学生街には、夏休み、冬休み、春休みなどを加えると、年間約4ヶ月前後に及ぶ人口の季節的な変動があります。1年のうち、3分の1は過疎状態になる可能性が高く、加えて、これからは少子化の影響で学生数自体に減少することも明らかです。
学生街の商店の中には、学生の休みに合わせて店を閉めて、他の店でアルバイトやパートタイマーとして働いている人も存在します。但し学生街といっても、住宅地域に隣接していたりする場合はこの限りではありません。

1年のうち、3分の1は過疎状態となる学生街とは正反対の考え方に、1年の3分の1しか開業しないスキー場等の近隣やスキー場の中での開業があります。これは、 「スキーの季節だけ開業し、外傷性の患者だけを対象に短期間のみ開業する。」 という考えです。
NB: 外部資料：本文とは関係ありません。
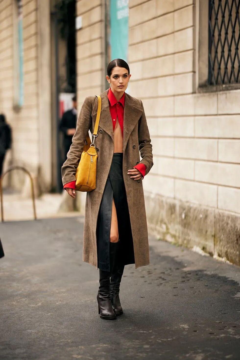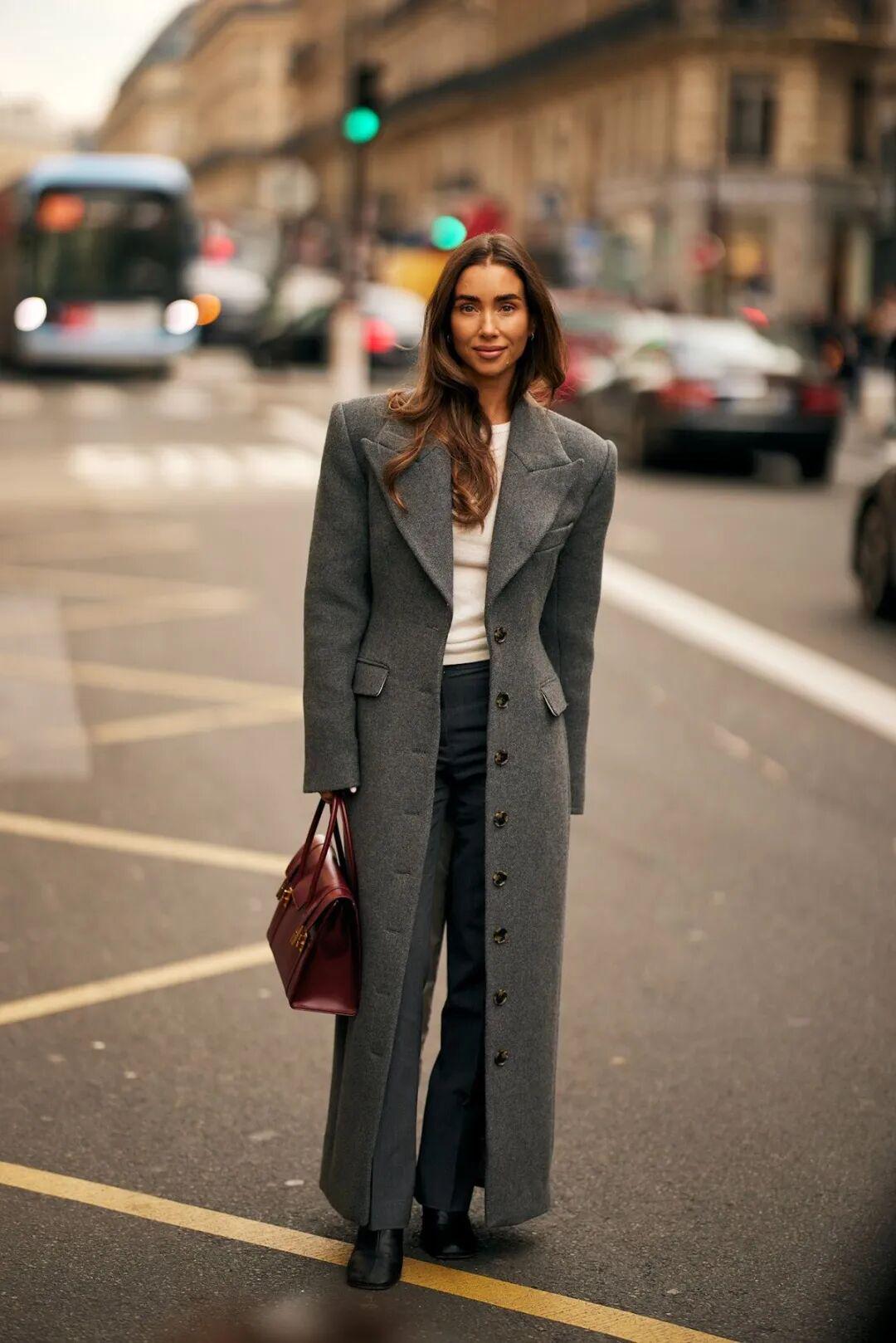 驼色、深灰、藏蓝依然是主角。但冷调如烟灰蓝、浅米杏也开始流行,丰富了冬天的情绪。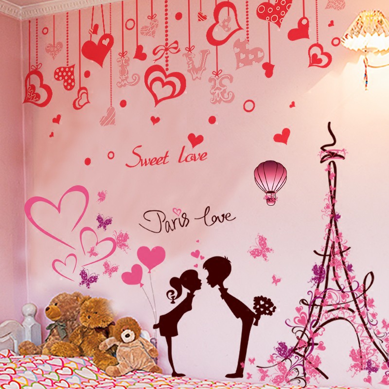 Kreatif hangat romantis stiker kamar tidur samping tempat tidur menancapkan stiker dinding kamar cewek hiasan dinding latar belakang wallpaper wallpaper | Shopee Indonesia

しかしながら、 「外傷性のものに対する施術の勉強のため」 というのならば話は別ですが、多くの患者を期待して 「短期間に勝負」 と考えているのであれば、この考え方は間違っているといえます。

一昔前であるならば、スキー等の冬季のスポーツで怪我をする人も結構いらっしゃいました。昔のスキー靴では、足首の捻挫等の事故が発生しやすかったのです。しかし、昨今のスポーツギアは、設計段階から怪我の回避と運動性能の両方に同等の重点が置かれていますので、怪我の発生率は著しく下がっています。
このようなスポーツギアを着用した上での怪我の場合は、ほとんどが入院を必要とする状況となりますので、以前のように冬季だけの治療院は成り立たなくなっています。